So, I’m just getting started with Blender after a long and painful career with Maya. I’ve got some old habits that are dying hard.
For example, is there a way in blender to select a vertex and snap it to another quickly and easily? I’ve tried selecting my destination vertext, Shift+S, snap cursor to selection, select target vertex, Shift+S, Snap to Cursor. The unfortunate side effect of this operation is that while the vertex behaves as though it’s merged while I’m moving it around, a simple numeric translation later it’s devorced from the destination vertex.
The other thing I tried for the above is -> Select destination vertex, Shift+S, Snap Cursor to Selection, Holding Shift - Select Target Vertex, Alt+M, At Cursor. This seems to work, but it’s still an awful lot of menu work for something I could do in Maya with -> Hold down V, drag vertex to destination, lasso both vertices, Merge Vertices.
Is there a way to lasso a group of vertices that are very close together, to merge them? Alt+M works well enough when I want to merge the ones I’ve got selected, but to use it I have to pick each vertex individually. Sometimes, they end up too close together for convenient independant selection.

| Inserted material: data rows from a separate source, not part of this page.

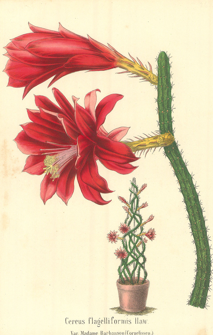 DESCRIPTION: This chromolithograph of a Rattail Cactus (Cereus flagelliformis Haw) is from "Flora des Serres et des Jardins de l'Europe" and finished by hand by Louis Van Houtte, a lavish Belgian periodical issued from 1845 to 1880.
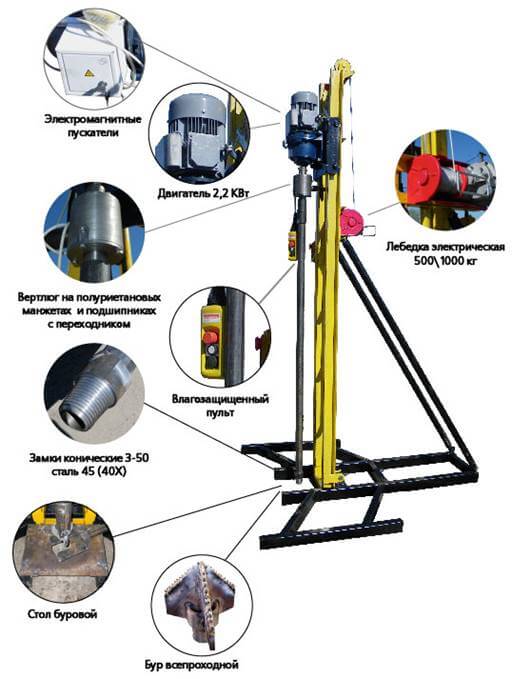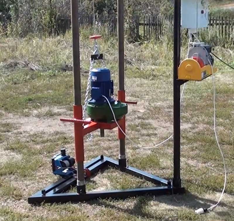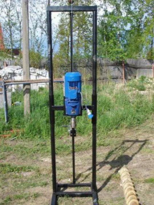 En cours de forage, la tige devra être augmentée périodiquement. Avec une augmentation de la longueur de l'outil, la masse de la structure augmentera également de manière significative, il deviendra très difficile de la gérer manuellement. Pour un levage pratique du mécanisme, utilisez un treuil en métal ou en bois durable.
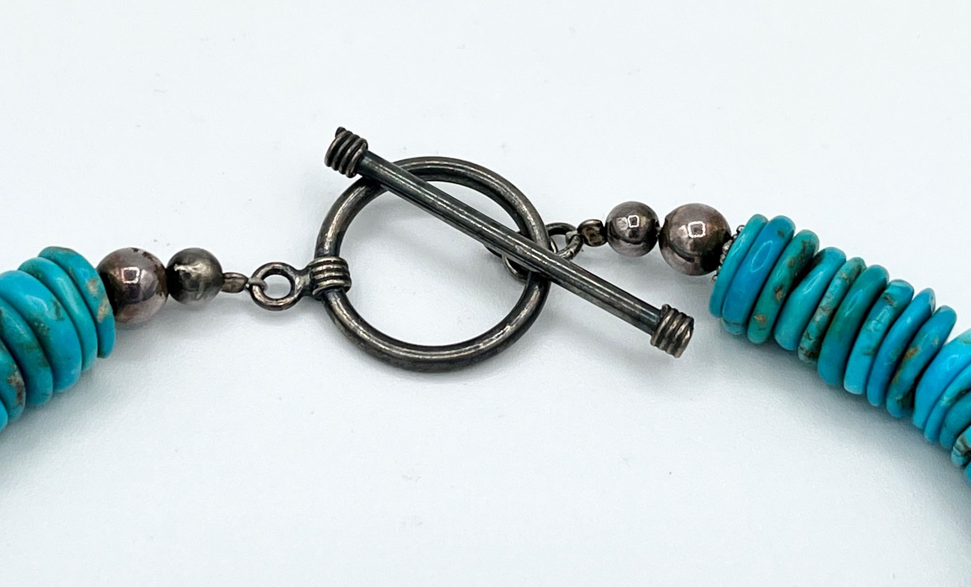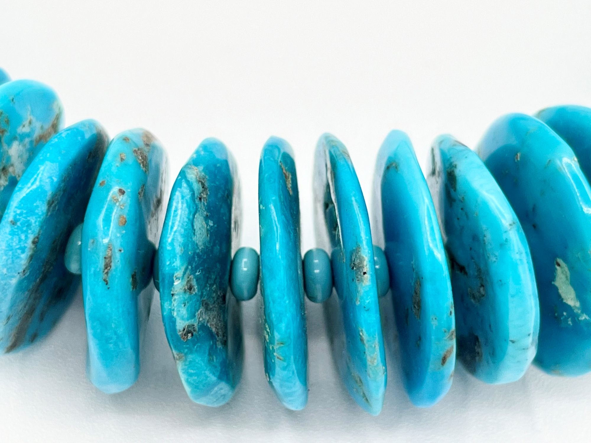 ad un filo di rondelle di turchese in disposizione in gradazione.
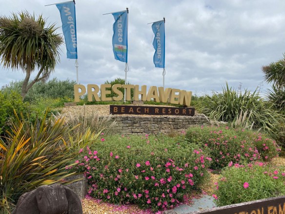 A little later we walk into an area called The Warren – a campsite appears with a very well tended entrance. I later learn that this area was a popular holiday destination after the Second World War when families were evacuated from Liverpool to temporary wooden homes and caravans. We wonder whether Damian’s mother, who was indeed evacuated from Liverpool to Wales ever came here – one of the many questions we never get round to asking before it’s too late.
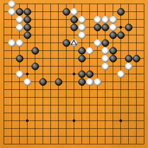 (失敗の原因) A=黒1のオサエが失敗の原因でした。黒1の前に大事な手があったのですが、それは後ほど説明します。 |
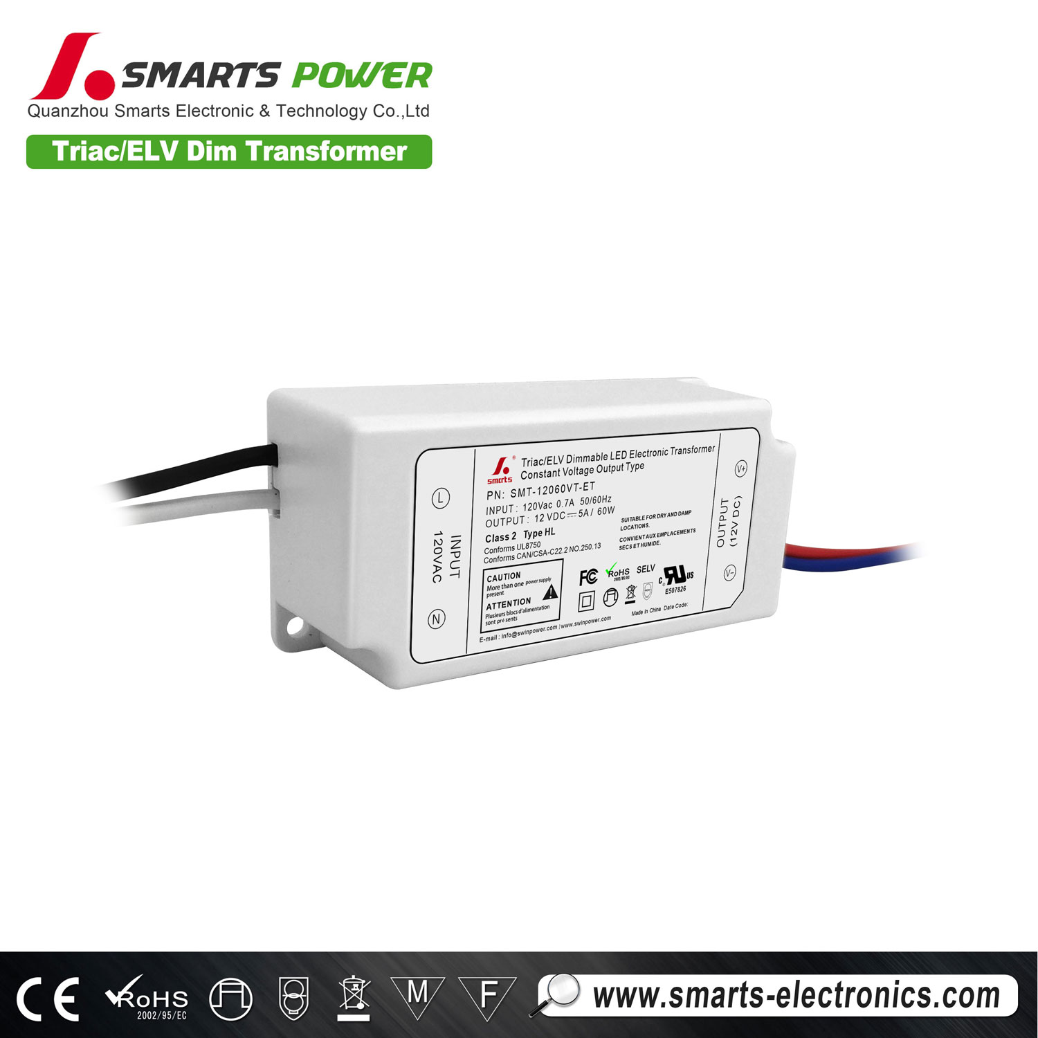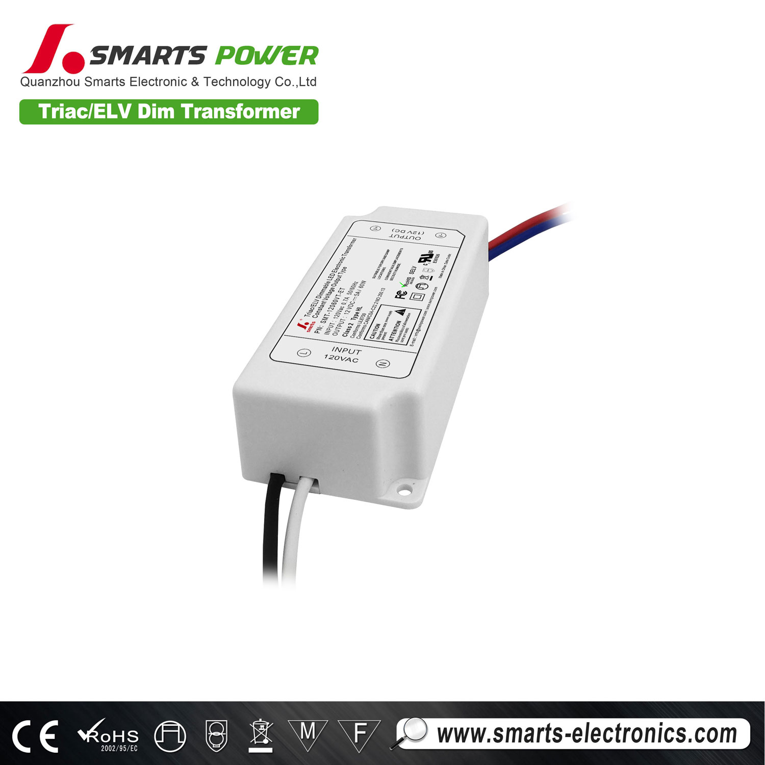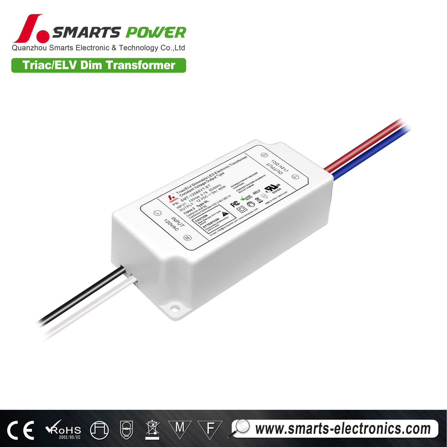 60W triac/ELV dimmable led transformer, compact size, only 84*40*25mm, easy and fast installation, constant voltage operating mode, dimming range between 0-100%, with 3 year warranty
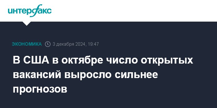 Москва. 3 декабря. INTERFAX.RU - В США в октябре количество открытых вакансий увеличилось на 372 тысячи к сентябрю и составило 7,744 млн, говорится в отчете Министерства труда страны, основанном на результатах ежемесячного опроса (JOLTS).
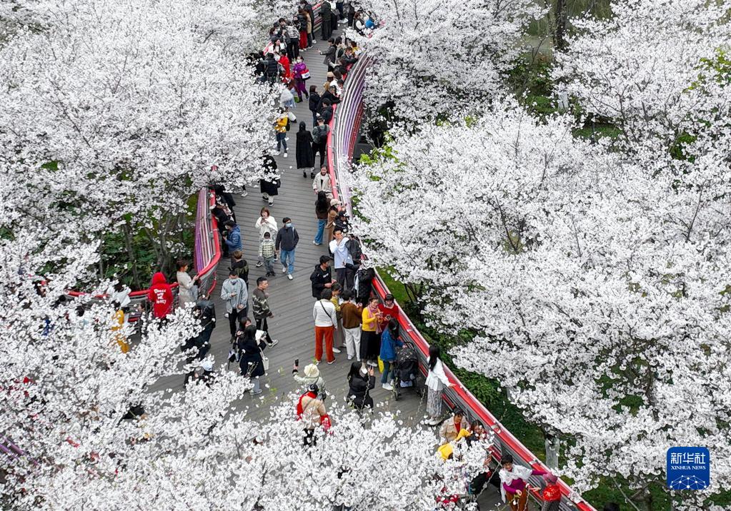 3月20日,游客在浙江省寧波市鄞州區櫻花公園游玩賞花(無人機照片)。
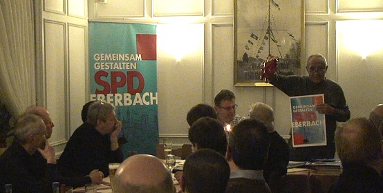 Liste für 7. Juni steht (Foto: Hubert Richter)(hr) Im Gasthaus "Grüner Baum" führte gestern Abend der Eberbacher SPD-Ortsverein die Nominierung der 22 Kandidatinnen und Kandidaten für die Gemeinderatswahl am 7. Juni durch. Bevor die anwesenden Parteimitglieder über jeden einzelnen Listenplatz abstimmten, stellte Vorsitzender Manfred Wernz das Werbematerial für den Wahlkampf vor (unser Bild). Bei der anschließenden geheimen Wahl wurden - wie vom Vorstand vorgeschlagen - die sieben amtierenden Stadtratsmitglieder auf die ersten Plätze gesetzt. Fraktionsvorsitzender Rolf Schieck führt die Liste an.
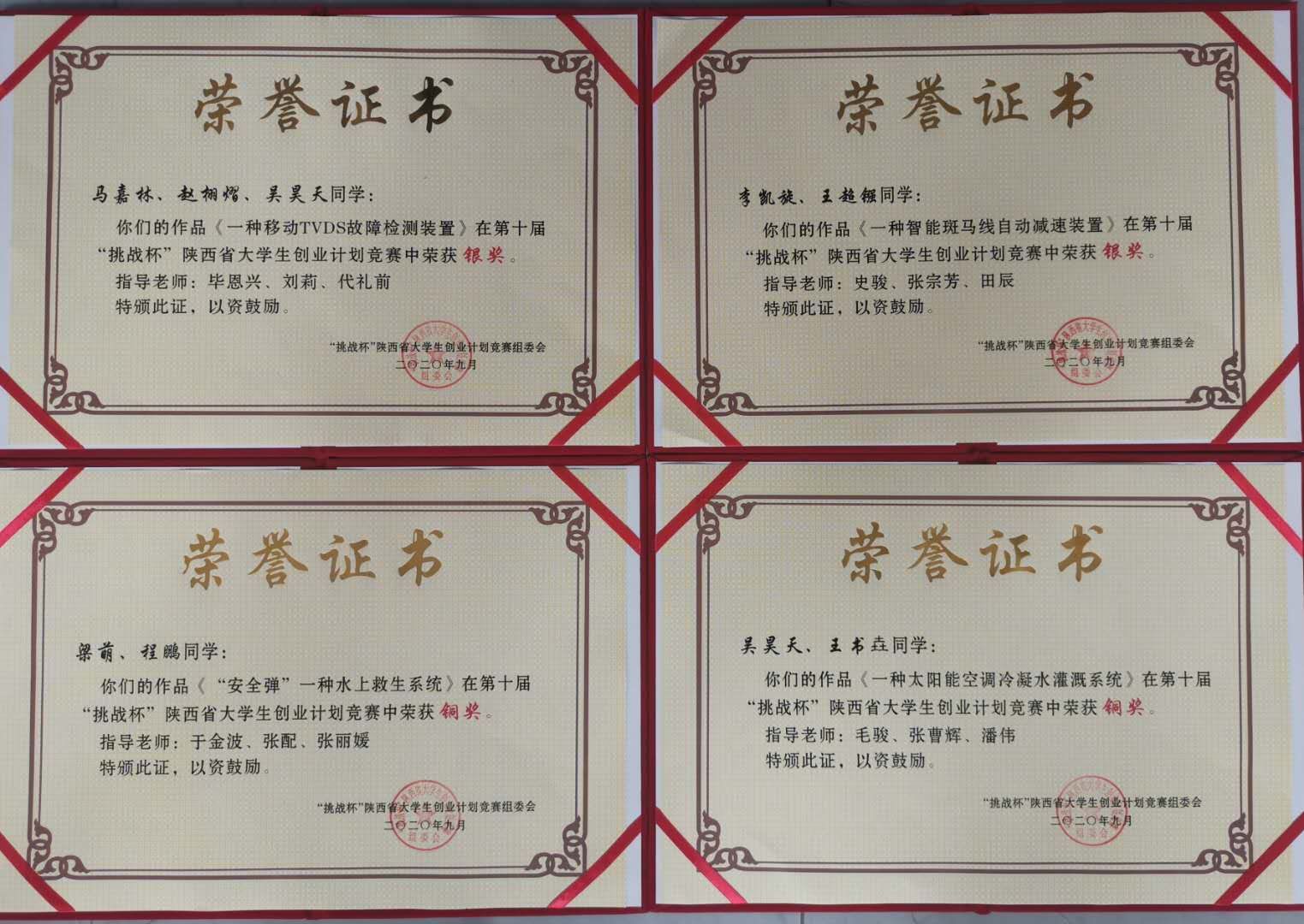 9月11日,由共青团陕西省委、陕西省委教育工委、陕西省科协、陕西省社科院、陕西省学联等共同主办的第十届“挑战杯”陕西省大学生创业计划竞赛闭幕式暨颁奖仪式在西安翻译学院举行。学院团委副书记李妮、项目指导老师及获奖学生代表参加仪式。永利官网在本次大赛中获得一项金奖,两项银奖,两项铜奖的优异成绩,同时学院荣获“优秀组织奖”,成绩在全省高职院校中名列前茅。

If I’m using the “Merge at cursor” option above, this isn’t as much of an issue, but still can be a bummer.
Any hints to help me either satiate or cure my old Maya habits?
Well, I do believe that you have covered all the bases; so I would say NO, there isn’t an easier way, but I read somewhere that version 2.42 will have new merging tools (something like “merge at first selected”, “merge at last selected”, etc)
Hmm, alright. I think with a little more use, the whole set cursor, merge to cursor thing will probably become rote.
How about the selecting whole areas of vertices, using a lasso or dragging a box around them? Possible?
I found the “B” hotkey for selecting faces whose borders can be found within just such a dragged bounding box. Is there something similar for vertices?